In his dystopian novel 1984, George Orwell writes: “It’s a beautiful thing, the destruction of words.”
The Holocaust, until recently, was most closely associated with the word genocide. The word genocide was itself created by a Jewish Refugee from Poland during world war two, Raphael Lemkin.
“The proto-typical Auschwitz-centered way of defining genocide as intentional large scale mass-murder must be overturned. We must treat genocidal recognition as a rhetorical achievement.” These sinister words, by a prominent pro-Palestinian ‘critical thinker’ have become an overarching goal for the opponents of the world’s only Jewish state.
To recast Jews as the agents of genocide, is to utterly turn the tables. If Gaza is a genocide, then Israel is as bad as the Nazis, and the Jews, who overwhelmingly support the world’s only Jewish state, are Nazi sympathisers. And no Nazi can have any moral claim over anything. That is much more than a ‘rhetorical achievement’. It is victory for the total perversion of language.
I want to be clear. This isn’t some academic argument, or a battle of ideas. The consequences of this ‘work’ represent a death threat against every Jew in Europe. After all who wants a genocidal Nazi Jew living in their neighbourhood? Or in Europe?

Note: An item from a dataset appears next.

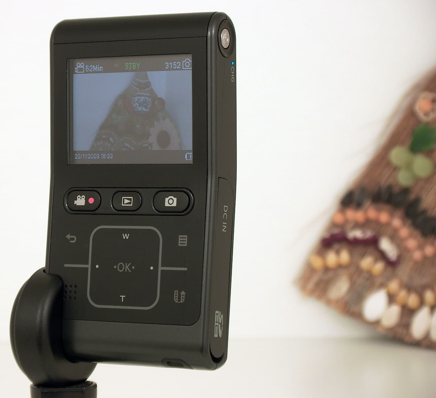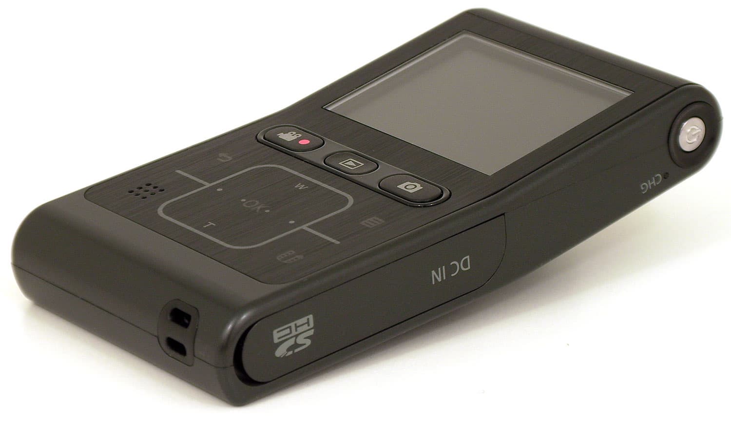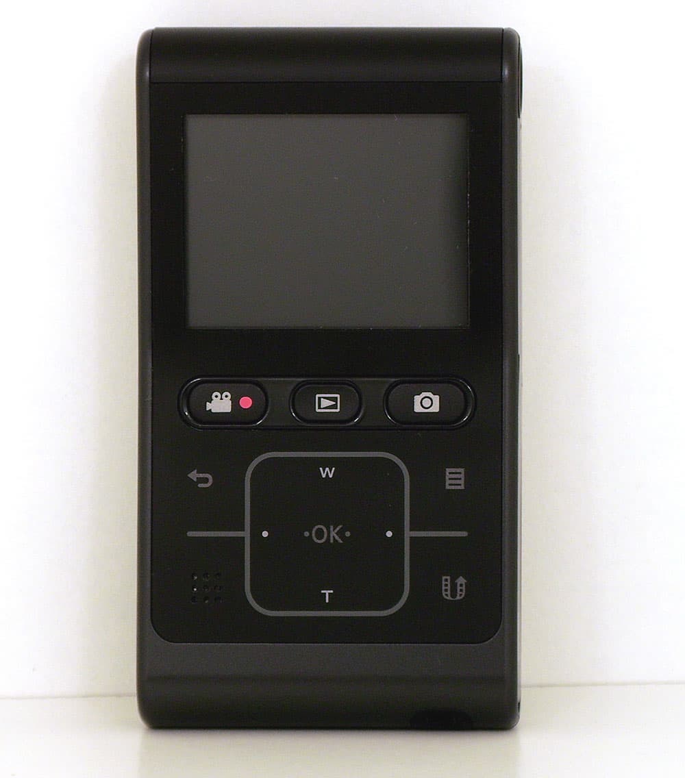 С обратной от объектива стороны расположен двухдюймовый ЖК-экран, три кнопки (запись, воспроизведение, фото) и несколько управляющих кнопок на сенсорной панели. Левый нижний угол этой панели занят динамиком — кстати, на удивление громким.

We received some personal messages of support, but unfortunately, no political leader has publicly condemned it. It would have been appropriate to immediately provide protection for prominent Jewish figures who have become targets and whose lives are in danger. That hasn’t happened either
As I write, the European Parliament is preparing to hold a debate entitled the ‘genocide in Gaza’, and last Sunday, as my colleagues and I were dealing with the police, thousands were allowed to march through the Belgian Capital espousing the language of genocide. Walking past the posters, seeing our faces. Making a mental note. We can only hope that is as far as it goes.
But hope is in desperately short supply for Jews in Belgium, and across the continent.
For my colleagues and I, the life-threatening language means that we have been advised to work from home. We have been told to wear baseball caps, and to try different routes as we go about our daily lives. We – who are accused of lobbying for genocide – now have a target on our backs. The term, for a people who just want to live in peace, is deeply offensive given that most our families lost loved ones during the Holocaust.
While the posters represent a new low in the Mariana trench that is European antisemitism, in the overall experience for Jews across Europe today, it is simply a case of business as usual.
And this sad, scary and Orwellian world that Jews live in today will continue to endure and worsen, unless governments, including the European Union, are prepared to stand up and wrestle the word genocide from those who find the destruction of European Jewry, and the world’s only Jewish state, to be “a beautiful thing’. If they do not Europe will be plumbing new and dangerous depths of hate, last seen on this Continent 80 short years ago.
Rabbi Menachem Margolin is Chairman of the European Jewish Association (EJA), an organization based in Brussels which represents dozens of Jewish communities across Europe.